Approximately 4 (four) weeks from now Fedora will stop maintaining
and issuing updates for Fedora 16. It is Fedora's policy to close all
bug reports from releases that are no longer maintained. At that time
this bug will be closed as WONTFIX if it remains open with a Fedora 
'version' of '16'.

Package Maintainer: If you wish for this bug to remain open because you
plan to fix it in a currently maintained version, simply change the 'version' 
to a later Fedora version prior to Fedora 16's end of life.

Bug Reporter: Thank you for reporting this issue and we are sorry that 
we may not be able to fix it before Fedora 16 is end of life.
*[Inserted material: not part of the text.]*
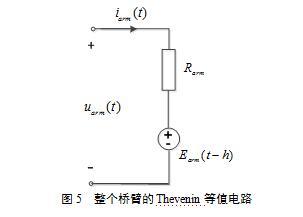 在得到單個子模塊的Thevenin等值電路后,就可以求出整個橋臂的Thevenin等值電路。設(shè)整個橋臂的Thevenin等值電路如圖5所示,下面推導整個橋臂的Thevenin等值電路。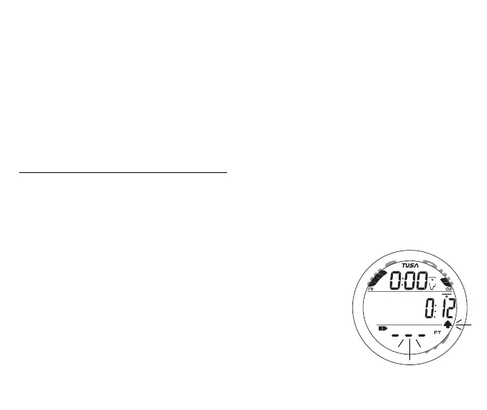 Upon ascending above 330 FT (99.9 M), the Current Depth display will be restored,

If you 
would still like to see this bug fixed and are able to reproduce it 
against a later version of Fedora, you are encouraged to click on 
"Clone This Bug" and open it against that version of Fedora.

Although we aim to fix as many bugs as possible during every release's 
lifetime, sometimes those efforts are overtaken by events. Often a 
more recent Fedora release includes newer upstream software that fixes 
bugs or makes them obsolete.

The process we are following is described here: 
http://fedoraproject.org/wiki/BugZappers/HouseKeeping

Comment 11 Fedora End Of Life 2013-02-13 12:43:46 UTC
Fedora 16 changed to end-of-life (EOL) status on 2013-02-12. Fedora 16 is 
no longer maintained, which means that it will not receive any further 
security or bug fix updates. As a result we are closing this bug.

If you can reproduce this bug against a currently maintained version of 
Fedora please feel free to reopen this bug against that version.

Thank you for reporting this bug and we are sorry it could not be fixed.